Плоская, с глазами-щелками, с торчащими, как самоварные ручки, лопушистыми ушами физиономия Писляка всегда кого-то напоминала Мязину – то ли из множества виденных за долгую жизнь людей, то ли из прочитанного давным-давно, возможно, еще в отрочестве, но кого – он так и не мог припомнить.
«Ох! – простонал Мязин, поеживаясь. – Вот денек…»
Они никогда не баловали его своим вниманием, но сегодня вдруг все собрались («весь мязинский помет», как говаривал покойный папаша) поздравить с днем рождения, с семидесятилетием, – обе сестры, зятек Писляк, дядюшка Илья Николаич… Олимпиада так даже сына прихватила – для большей торжественности, что ли.
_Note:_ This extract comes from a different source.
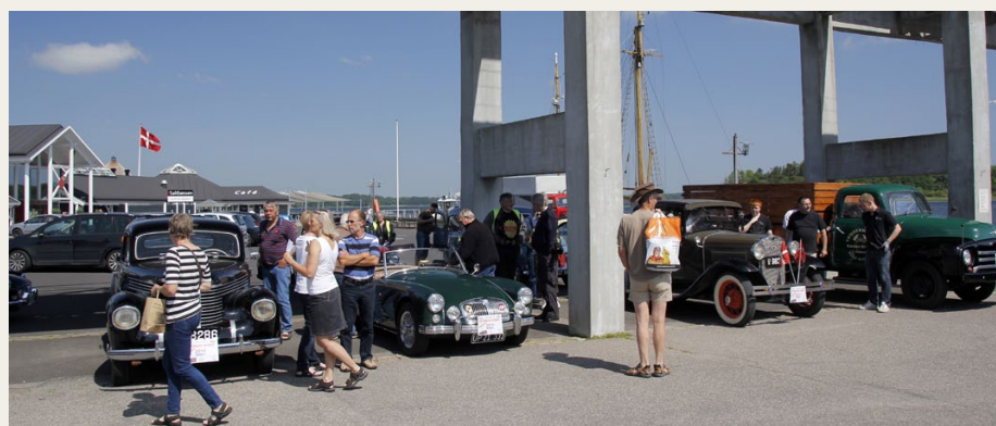
I Mariager, Rosernes By, mødtes vi under kulkranen på havnen.

Сидел Колька, громадный, молчаливый, весь налившийся кровью, в моряцкой фуражке на белых льняных кудрях, разглядывал узловатые ручищи с синими наколками (якорь и цепи на одной и голая девка со щучьим хвостом – на другой), в разговор не вмешивался. Иногда дружелюбно даже подмигивал: «Держись, мол, дед, не сдавайся!» Привыкшему на своих плотах к речному простору, к ветру, к вольной жизни сплавщика, Николаю было явно не по себе от этой душной низкой комнаты, от визгливых, злобных выкриков, от всего того бессмысленного и жестокого, что происходило возле больного Мязина.
А происходило вот что.
Старик пенсионер, некогда блистательный герой гражданской войны, вдруг заболел, слег в постель и, как все редко болеющие люди, испугавшись смерти, составил завещание. И вот то, что он вдруг заболел и сделал какие-то предсмертные распоряжения, а главное, то, что родственники оказались обойденными, обиженными этими распоряжениями, – вот это-то и привело их всех в мязинский дом, как будто бы для того, чтобы поздравить больного с днем рождения, а на самом деле – чтобы уговорить, принудить переписать завещание.
Весь день шумели родичи.
– Упрамство! Упрамство! – долбил Писляк.
– Грех тебе, Офоня! – зловеще, как над покойником, вычитывала Олимпиада. – Великий, братец, грех, непрощенной, незамолимой… Единоутробных забвение, кореня своего непочитание…
– Мы ль о тебе не пеклись, – взвизгивала Антонида, – мы ль не радели тебе…
– Дом-от кто наживал? – черным шмелем гудел Илья. – С родителем-то твоим, а? Кто, спрашиваю? Фирма-от как писалась? Братья Мя-зи-ны!
Взъерошенный, с черно-седыми космами на крутом загривке, с овчинными смоляными бровями, жилистый, крепкий, не по годам легкий в движениях, он походил на старого матерого волка, все еще не уступающего молодым, все еще пытающегося верховодить стаей… Мязину казалось, что у Ильи и глаза-то временами загораются дикими волчьими огоньками…
Он молчал, поглядывал на всех: волки!
Олимпиада – узколицая, в монашеском, сколотом под острым сухим подбородком платке, надвинутом на лоб низко, до самых сросшихся у переносья бровей…
Антонида – неукротимо-злобная, яростная, с жиденькими, растрепавшимися из-под шали, грязновато-желтыми волосами…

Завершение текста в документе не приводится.